A vacuidade da mente na qual nós nos colocamos é semelhante ao espaço, não um espaço obscuro onde não brilham nem o sol, nem a lua, nem mesmo as estrelas, mas um espaço iluminado pelo sol, límpido e vasto. Quando nos colocamos na natureza da mente, em sua vacuidade, devemos fazê-lo com essa qualidade de abertura e limpidez. Em segundo lugar, meditamos, então, sobre a “claridade” da mente. Vacuidade e claridade não são dois aspectos que poderiam ser isolados, ficando cada qual de um lado diferente. Da mesma maneira que num dia ensolarado o céu e a luz são apenas um, a claridade e a vacuidade da mente estão indissoluvelmente misturadas.

(meditação)

Vacuidade e claridade são, em si mesmas, inertes: elas não podem gerar nenhum ato benéfico ou negativo, não podem engendrar nem pensamentos nem emoções conflituosas. Quando permanecemos no estado de claridade-vacuidade, semelhante ao espaço vazio, há ao mesmo tempo uma qualidade conhecedora, uma inteligência (sct. vidja, tib. rikpa) que está consciente da claridade e da vacuidade. A vacuidade-claridade é como a palma da mão e essa inteligência, como a percepção evidente que temos dela. Todavia, na natureza da mente nada divide esses três aspectos. Meditemos, agora, tomando particularmente consciência dessa inteligência.

(meditação)


A MENTE ESPAÇOSA


Assim, a mente é descrita sob esses três aspectos: vacuidade, claridade, inteligência. Caso se medite apoiado nesses três aspectos, de modo muito vasto, muito amplo – praticando-se a pacificação mental, a visão superior ou as fases de criação e de conclusão das divindades do vajayana – isto produzirá um grande conforto, uma grande facilidade e aumentará a eficácia. Se, ao contrário, permanecermos na nossa percepção comum: “Este sou eu, eu estou nesse corpo”, as mesmas práticas serão realizadas com dificuldade, de maneira estreita como se estivéssemos presos num desfiladeiro estreito do qual não saberíamos como sair. Portanto, é muito importante saber meditar da maneira que acabamos de mostrar.

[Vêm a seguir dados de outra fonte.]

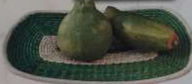
12 Bandeja con base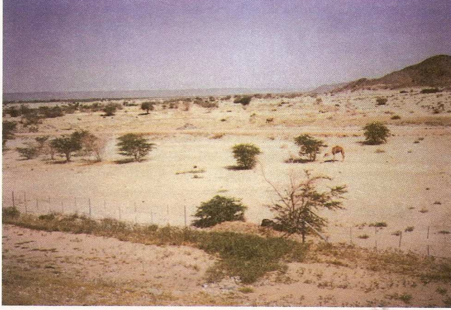
Mekke'nin fethine giderken ordunun konakladığı Merru'z-Zahrân'dan bir başka görüntü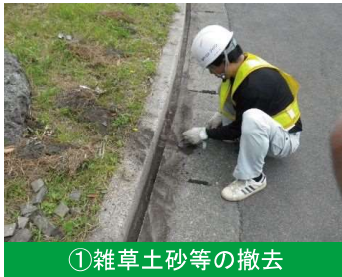
①雑草土砂等の撤去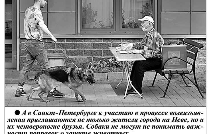
● А в Санкт-Петербурге к участию в процессе волеизъявления приглашаются не только жители города на Неве, но и их четвероногие друзья. Собаки не могут не понимать важности поправок о защите животных.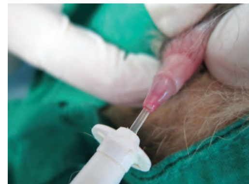
Streitpunkt Penisspülung beim Kater: Was darf der Eingriff kosten?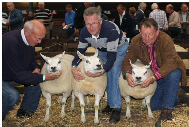
Beste hok 3-tal 1-jarige ooien niet gezoogd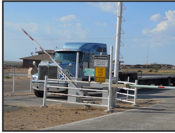
Respete la Línea de Separación (LOS) entre el tráfico dentro y fuera de la granja. Siga los protocolos de bioseguridad obligatorios cuando cruza la LOS.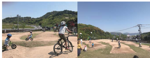
佐賀県武雄市 武雄競輪場公園内ミニ BMX コース ●施工 / 2017 年 12 月 ●施工面積 / 930m 2 (撮影：2018 年 4 月 21 日)

BMX とは Bicycle Motocross (バイシクルモトクロス) の略で、モトクロスに憧れた子供達が自転車と真似たことが始まりです。JGS-CC クレイは、このように起伏に富んだ地形にも利用可能です。大勢の子供たちが、でこぼこ道のコースを、自転車で思い切り楽しんでいます。

Mesmo quando o lama que dá as instruções sobre a pacificação mental, a visão superior ou as meditações das divindades seja perfeito, se o discípulo abordar essas técnicas com a mente fechada em si mesma, nunca verá o desenvolvimento das qualidades que delas decorrem. Ao contrário, corre um grande risco de se irritar por causa do lama e de ficar ressentido com ele!

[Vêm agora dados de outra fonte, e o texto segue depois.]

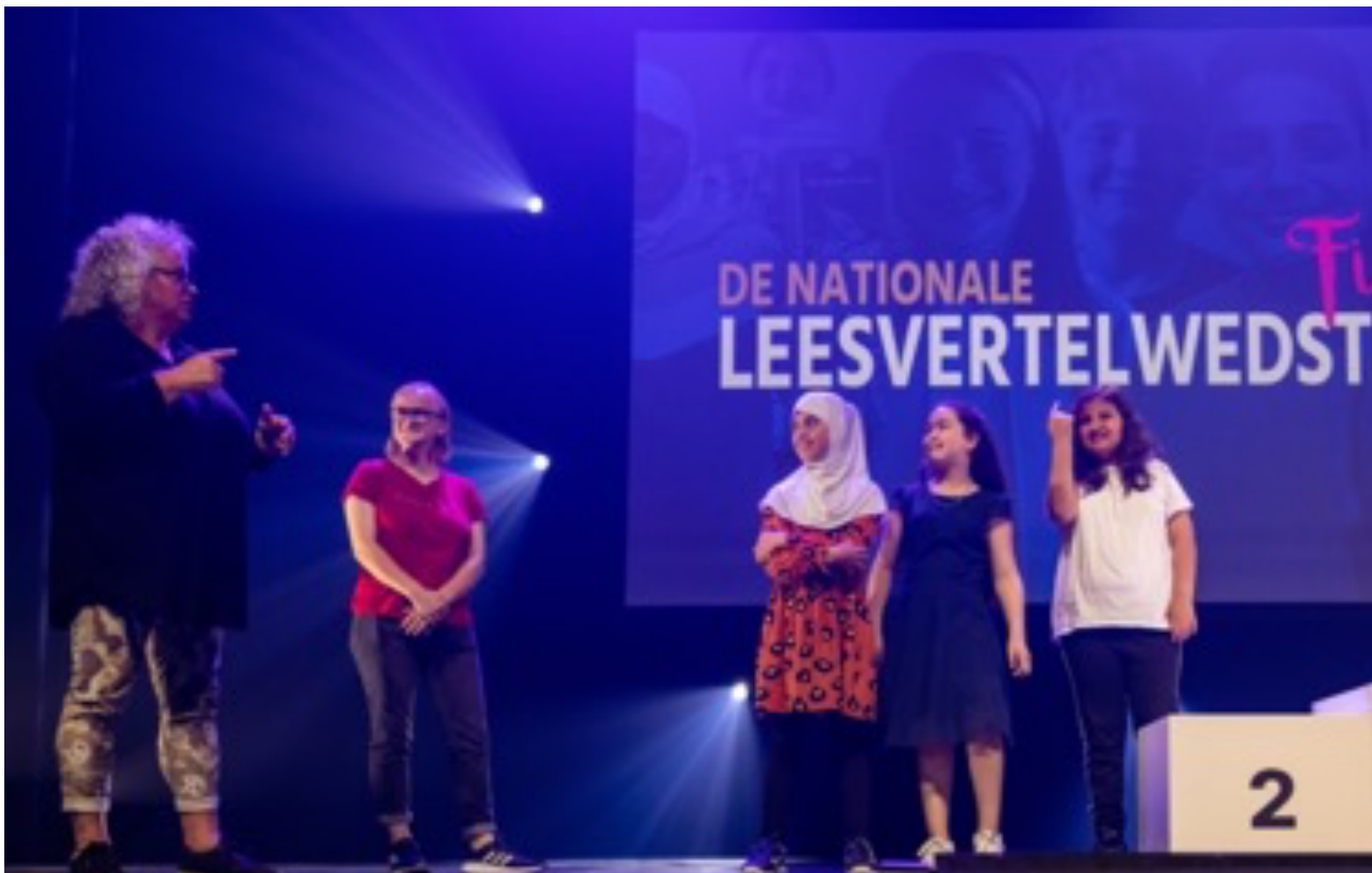
De jury is klaar om de winnaars aan te wijzen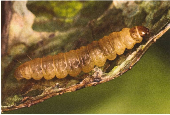
Abb. 3. Erwachsene Raupe.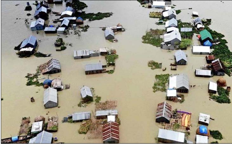
बांग्लादेश में बाढ़ के कारण कई घर पानी में डूब गये।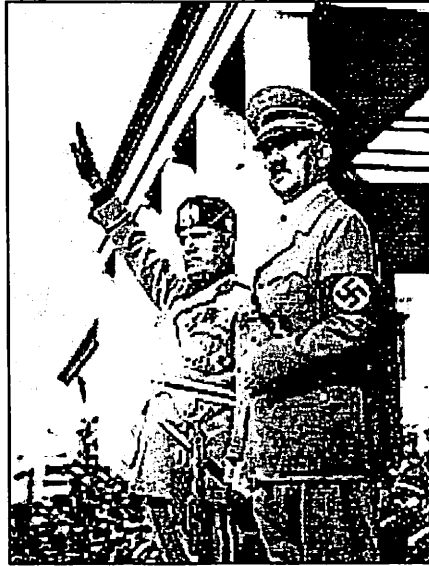
هتلر.. وروميل صفاء انتهى بالغدو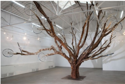
Unrooted trees de Benoît Mangin et Marion Laval-Jeantet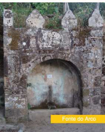
Fonte do Arco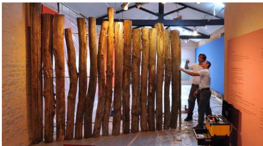
Vue du montage de l'exposition « À la côte ! »

Accéder aux compte-rendu et supports de présentation

Essa mente, união da vacuidade, da claridade e da inteligência, vai em direção ao estado de Buddha; mas é ela também que erra no samsara. Quando meditamos, é a mente que medita; quando se elevam emoções conflituosas ou pensamentos, é ela que os experimenta. Nada é experimentado fora da mente.


A MENTE EM PLENO VÔO


Caso se medite tendo compreendido bem essa tríplice natureza – vacuidade, claridade e inteligência – da mente, medita-se com a liberdade de um pássaro que voa no céu. Nada obstrui a sua rota; pode ir aonde quiser. Nossa meditação será, então, eficaz. Caso contrário, seremos como uma criatura com muitas patas presa num espaço muito pequeno.

Durante a meditação, algumas pessoas sentem dor de cabeça, outras dores nos olhos, nos ombros, ou ainda sentem incômodos em outras partes do corpo. Todas essas dores vêm de uma mente em uma atitude fechada.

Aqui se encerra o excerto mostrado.